Feb 1st - the opening of Tweed!

Here are the latest guidelines from Tweed Commissioners:


The Spring Salmon Conservation Measures on Tweed and its tributaries

[Valid from 2012]


Spring Salmon form separate and distinct stocks on Tweed. It is imperative to ensure adequate reproduction so that the stocks can sustain themselves. The recent evidence is that, even with the River’s previous Spring Conservation Measures, barely enough Spring Salmon get through to fully stock their spawning grounds; in some years there may have been insufficient numbers. To allow the Spring fish to achieve their best spawning potential it is necessary that all caught fish be returned, unharmed, to the water. Evidence from previous tagging showed that only a very small proportion of released fish are caught a second time.

Total Catch-and-Release in the Spring applies to the whole of the Tweed River system for the 2011 to 2015 seasons inclusively.

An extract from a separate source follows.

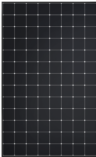
SunPower® Maxeon®-panelen Extra opties voor frame en achterkant beschikbaar.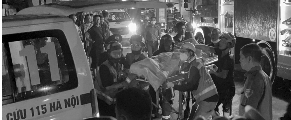
● Có 4 nạn nhân tử vong trong vụ cháy tại Hà Nội.

The Spring season is defined as 1st February to 30th June inclusive.

Every effort is being made by the RTC to include all Tweed netsmen, both coastal and in-river, in the Conservation Measures, with fair compensation.


These Measures apply from 2011 for the period 1st February to 30th June each year on the whole of the Tweed catchment.

* Anglers must return ALL Salmon caught up to the end of June, unharmed, to the water.

* Fish caught after 30th June should be returned if they are not fresh and therefore likely to be Spring stock.

* Anglers returning Salmon before 30th June may order a ‘Spring Salmon’ shirt from The Tweed Foundation by making a donation – see details under ‘Claims’ section.

In addition:

1. Every effort must be taken by the angler and boatman to allow fish to recover after being caught; only those fish that have actually died in the course of resuscitation may be removed from the water. No one is allowed to dispatch a fish, e.g. by use of a priest. On no account may any fish be killed.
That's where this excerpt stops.